Wrong. You can’t separate operational functions from normative and technical functions. Modern outbreak control is not simply about writing guidance: guidance without implementation is ineffective. WHO can recommend the things it regularly recommends: isolation, contact tracing, PPE, lab work. But who’s going to coordinate delivery? WHO can do that but it needs to be there to do that effectively, ‘mucking in’ so to speak. Implementation generates credibility; operational capacity enables normative authority – I read that on a t-shirt so it must be true.
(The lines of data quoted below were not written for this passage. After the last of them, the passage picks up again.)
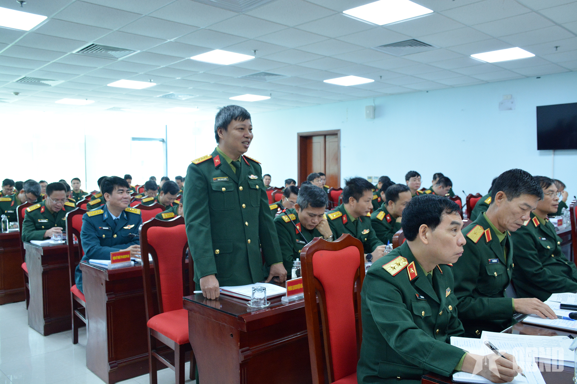 | Cán bộ Học viện Kỹ thuật Quân sự tham gia ý kiến thảo luận tại buổi làm việc. |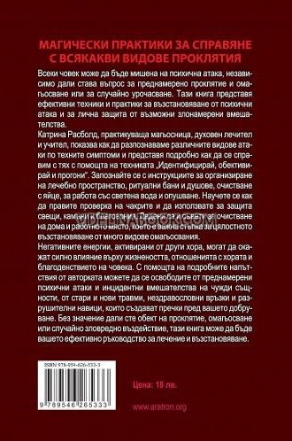 Катрина Расболд, практикуваща магьосница, духовен лечител и учител, показва как да разпознаваме различните видове атаки по техните симптоми и представя подробно как да се справим с тях с помощта на техниката — Идентифицирай, обективирай и прогони. Запознайте се с инструкциите за организиране на лечебно пространство, ритуални бани и душове, очистване с яйце, за работа със светена вода и опушване. Научете се как да правите проверка на чакрите и да използвате за защита свещи, камъни и благовония. Дадени са и съвети за очистване на дома и работното място, което е важна стъпка за цялостното възстановяване от много видове омагьосвания.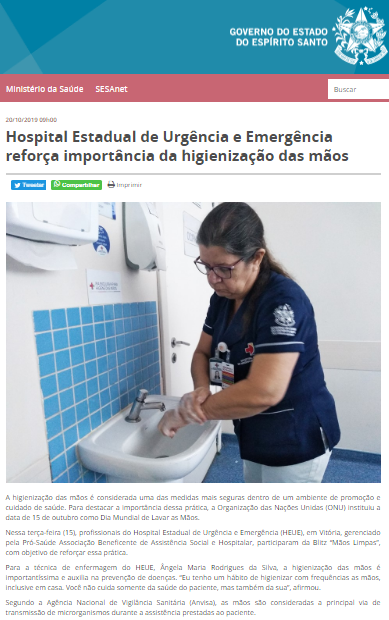 Governo do ES – Hospital Estadual de Urgência e Emergência reforça a importância da higienização das mãos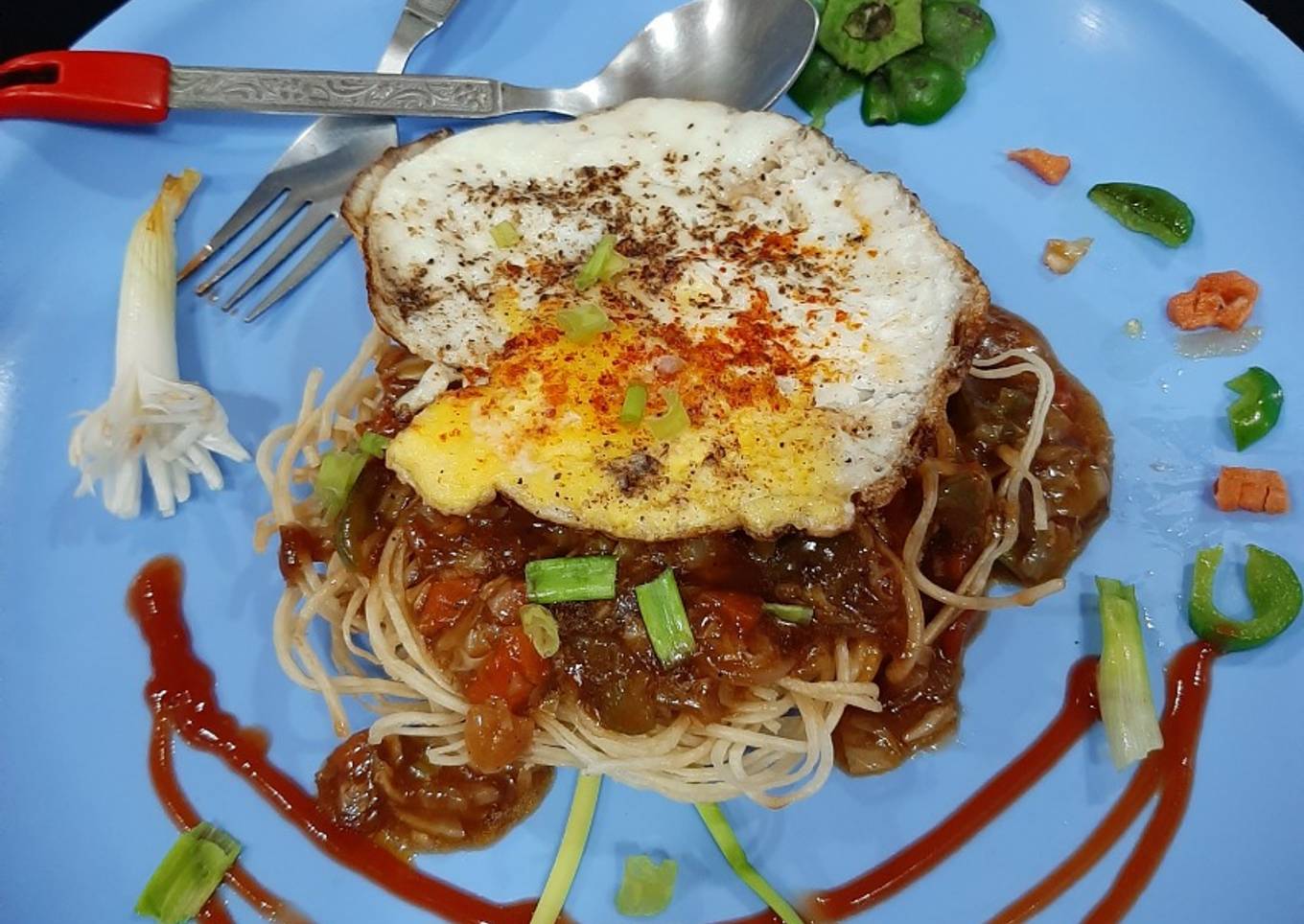 - Now put fried noodles in a plate and then prepare veg sauce and serve it by placing egg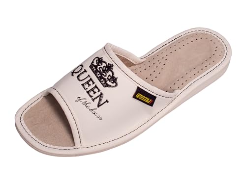APREGGIO Pantofole Donna Pelle - Comode Pantofole da Donna Pelle - Pantofole Pelle Leggere - Pratici Pantofole da Donna con Suola in Gomma - Confortevole Scarpe Donna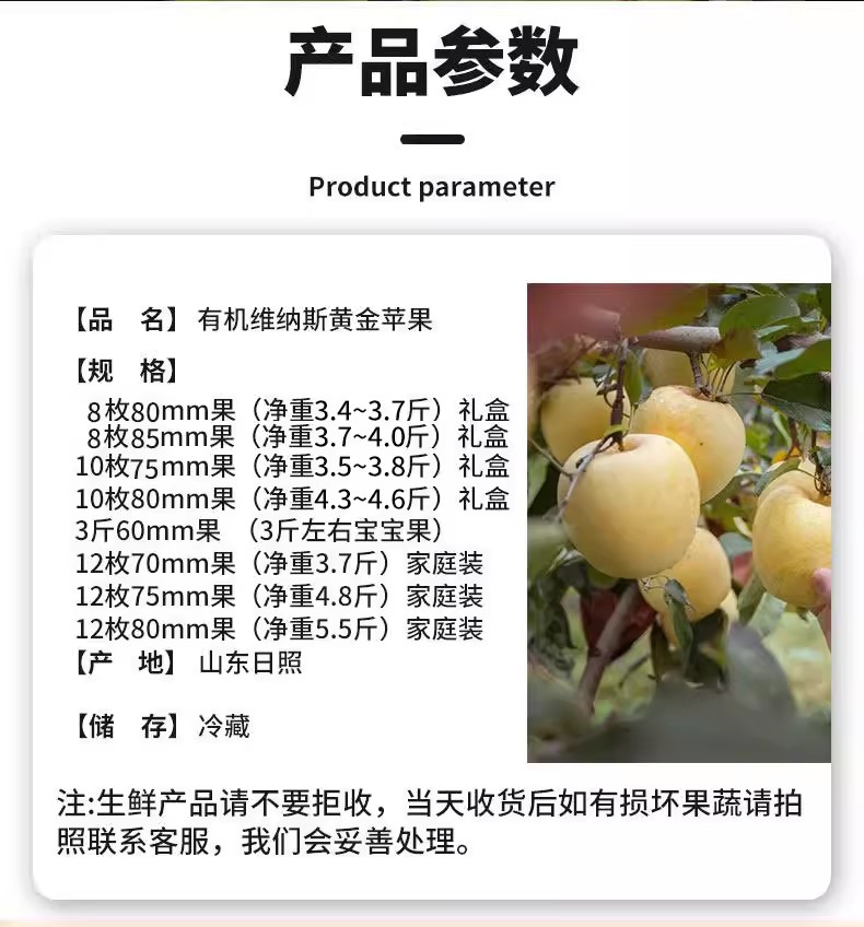 【厂商直发】有机维纳斯黄金苹果果肉脆甜多汁果型饱满新鲜采摘包邮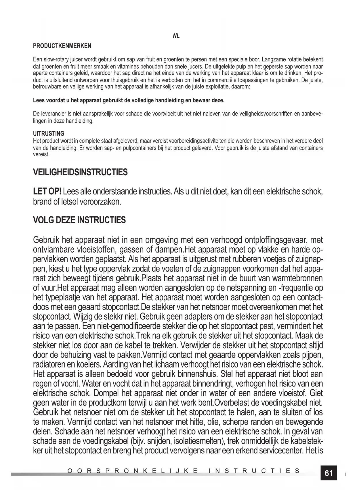 PRODUCTKENMERKEN Een slow-rotary juicer wordt gebruikt om sap van fruit en groenten te persen met een speciale boor. Langzame rotatie betekent dat groenten en fruit meer smaak en vitamines behouden dan snele jucers. De uitgelekte pulp en het geperste sap worden naar aparte containers geleid, waardoor het sap direct na het einde van de werking van het apparaat klaar is om te drinken. Het pro- duct is uitsluitend ontworpen voor thuisgebruik en het is verboden om het in commerciële toepassingen te gebruiken. De juiste, betrouwbare en veilige werking van het apparaat is afhankelijk van de juiste exploitatie, daarom: Lees voordat u het apparaat gebruikt de volledige handleiding en bewaar deze. De leverancier is niet aansprakelijk voor schade die voortvloeit uit het niet naleven van de veiligheidsvoorschriften en aanbeve- lingen in deze handleiding. UITRUSTING Het product wordt in complete staat afgeleverd, maar vereist voorbereidingsactiviteiten die worden beschreven in het verdere deel van de handleiding. Er worden sap- en pulpcontainers bij het product geleverd. Voor gebruik is de juiste afstand van containers vereist. VEILIGHEIDSINSTRUCTIES LET OP! Lees alle onderstaande instructies. Als u dit niet doet, kan dit een elektrische schok, brand of letsel veroorzaken.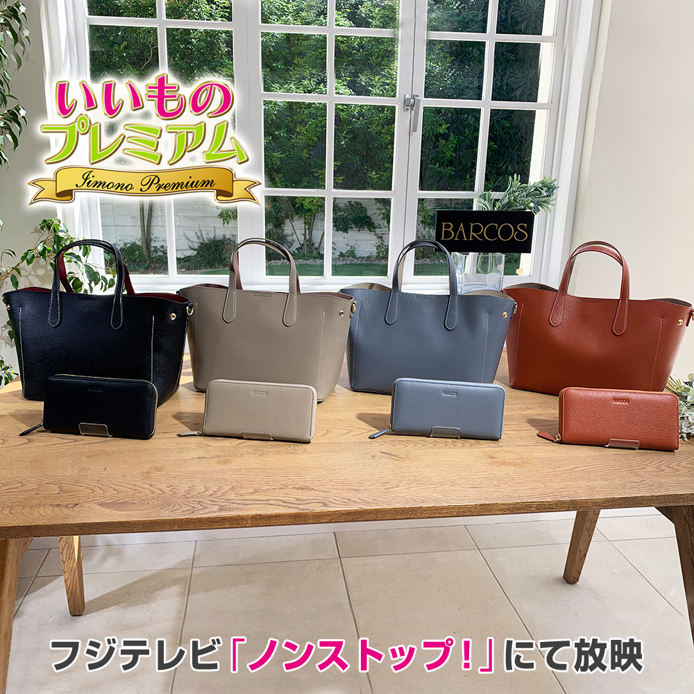 注目のジャパンブランド「BARCOS(バルコス)」牛革バッグ&長財布のセット!バルコスの牛革バッグ & 長財布セット!日本のバッグブランド"バルコス"の牛革バッグと長財布のセット!本革だから高級感があり、サイズ感もちょうどいい。牛革バッグは軽く、使いやすく、付属のショルダーストラップを付けると肩に掛けたり、斜め掛けも可能。お出かけにぴったり。バルコス(BARCOS)とは…1991年、鳥取県倉吉市で創業した日本のバッグブランド。2007年、イタリア・ミラノで開催される世界最大規模の皮革見本市「ミペル(MIPEL)」で日本ブランドとして初のデザイン賞を受賞し、その後も2回受賞。さらにニューヨークの展示会「コーテリー(Coterie)」、パリの展示会「プルミエールクラス(Premiere Classe)」にも出展。優れたデザイン力と商品力が高く評価され、世界35か国からオーダーがきた実力派ブランドです。バッグも長財布も牛革を使用!高級感があって、しかも柔らかいから、しなやかに手に馴染んで持ちやすい。さらに独特な風合いのシワを作り出すシュリンク型押し加工を施しました。キズに強く、キズが付いても目立ちにくいので、本革ですがガンガン普段使いできます。【牛革バッグ】使いやすいトートタイプ、しかも形が変わる!『牛革バッグ』は台形のトートタイプで、重さがおよそ530g!本革なのにこの軽さは嬉しい。大きすぎず小さすぎず、小柄な方もバランス良く持てるちょうどいいサイズ感も使いやすい。しかも両サイドのボタンを留めると、キュートなスクエアバッグに変身!ショルダーストラップ付きで斜め掛けもできるから、さまざまなシーンで活躍します。◎入れ口がガバッと大きく開くので、内部が見やすく出し入れしやすい。必要なものがしっかり入ります。◎トートでも中央部にファスナーがついたあおりタイプなので、ファスナーを閉めると防犯上も安心。◎あおりタイプは両側に大きなポケットがあるので、そこにスマホやハンカチを入れておけばサッと取り出せます。◎ファスナー内部にもファスナーポケットとオープンポケット付き。◎ファスナーのサイドが空いているから、ここに500mlペットボトルが縦に入るのも便利です。〈形が変わる!〉トートから高級感あるスクエアバッグへ形が変わるのは注目!ホックを留めるとよりコンパクトになって、少し改まったシーンでも活躍します。〈ショルダーストラップ付き〉付属のショルダーストラップを付けるとショルダーバッグとしても使えます。両手が開くから、お子さん連れでの買い物や荷物が増えたときに便利。斜め掛けしても可愛いですよ。【長財布】ラウンドファスナー式で、内部も使いやすい!バッグとお揃いの牛革を使用した『長財布』は人気のラウンドファスナータイプ。ガバッと大きく開いて内部が見やすく、出し入れラクラク。レジ前でモタモタしたくない方におすすめ!何よりバッグとお揃いだとスタイリングに統一感が生まれ、センスよく感じます。〈内部仕様〉◎オープンポケットが5つあり、お札とレシートなどを分けて収納可能。◎中央の小銭入れはファスナー付きで、小銭がこぼれにくい。◎カードは8枚収納できます。◎内側の色もバッグと同じ配色使い。ここまでこだわっています。

And wrong. Nordström describes WHO and Africa CDC announcing aid within hours of each other as evidence of unhealthy institutional competition. But there’s no evidence of ‘competition’. As noted above, this is just a rhetorical ruse to get you thinking that there are too many cooks spoiling the global health governance broth. Elsewhere, Nordström waxes lyrically about subsidiarity but, as is par for the course, appears to misunderstand and misapply the concept. A better way to think about what is going on is not competition but redundancy, with the central insight being that more cooks make for a more resilient service delivery – the broth will be served even if one of the cooks has a Gordon Ramsey-esque meltdown in the kitchen. Or, if you don’t like cookery metaphors, redundancy simply means “the ability to reserve some resources for use if disruptions occur“. It makes intuitive sense – have multiple institutions primed and ready to go in case one fails. It’s pretty common practice in other systems – air traffic and power grids, for example – so why not global health emergencies?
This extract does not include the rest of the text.